# Study material:
[Start of section]

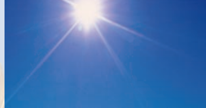
Eine fast unerschöpfliche Energiequelle: Die Sonne stellt keine Rechnung!
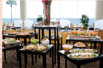
ティータイムにデザートセットはいかが
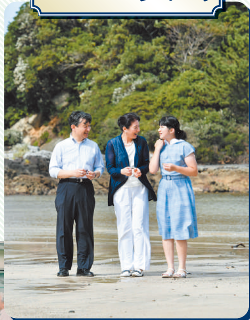
2018年8月、御用邸近くの海岸を散策される 天皇ご一家

伊豆漁業協同組合で話をされる上皇ご夫妻。 上皇さまは東日本大震災の影響で宮城県から 下田に移住した漁業者との対話も強く希望 されたそう
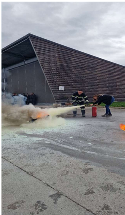
Slika 11: Praktični dio vatrogasne vježbe

Poznavanje osnovnih pojmova koje su povezane s praktičnom primjenom pomaže zaposlenicima da brže i učinkovitije reaguju u hitnim situacijama. Ovo razumijevanje omogućava zaposlenima da pravilno koriste vatrogasnu opremu, pravilno primjenjuju tehnike gašenja požara i slijede postupke evakuacije, čime se značajno smanjuje rizik od ozljeda i materijalne štete.
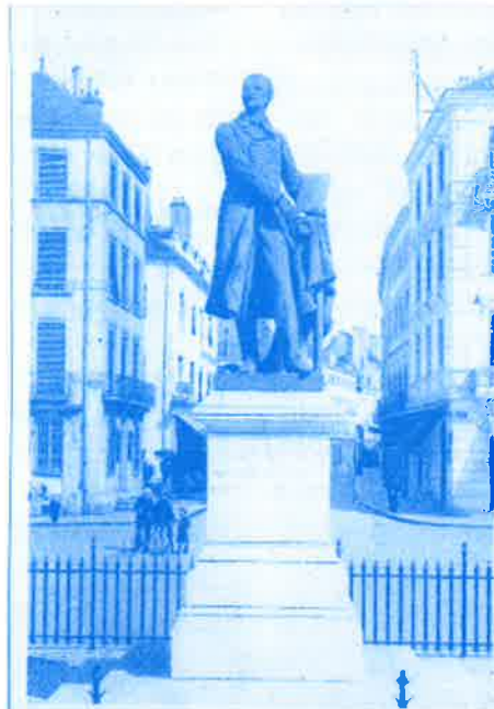
Statue de N. Niépce à Chalon-sur-Saône
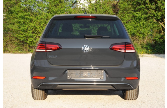
Tagesangebot Nr. AK-92695 vom 17.02.2019
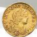
Demi-Louis 1720 Pièce adjugée 9 200 €
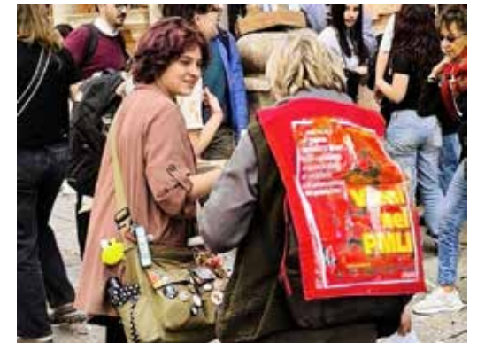
Milano, 20 aprile 2026. Alcuni momenti della diffusione dell'Editoriale di Scuderi davanti all'Università Statale di Milano

[End of section]

# What the exercise asks:
Beginning with the line containing "伊豆漁業協同組合で話をされる上皇ご夫妻。 上皇さまは東日本大震災の影響で宮城県から 下田に移住した漁業者との対話も強く希望" and ending with the last line of the listing above, output those lines exactly as written, without pictures.

# Result of this task:
伊豆漁業協同組合で話をされる上皇ご夫妻。 上皇さまは東日本大震災の影響で宮城県から 下田に移住した漁業者との対話も強く希望 されたそう
Slika 11: Praktični dio vatrogasne vježbe

Poznavanje osnovnih pojmova koje su povezane s praktičnom primjenom pomaže zaposlenicima da brže i učinkovitije reaguju u hitnim situacijama. Ovo razumijevanje omogućava zaposlenima da pravilno koriste vatrogasnu opremu, pravilno primjenjuju tehnike gašenja požara i slijede postupke evakuacije, čime se značajno smanjuje rizik od ozljeda i materijalne štete.
Statue de N. Niépce à Chalon-sur-Saône
Tagesangebot Nr. AK-92695 vom 17.02.2019
Demi-Louis 1720 Pièce adjugée 9 200 €
Milano, 20 aprile 2026. Alcuni momenti della diffusione dell'Editoriale di Scuderi davanti all'Università Statale di Milano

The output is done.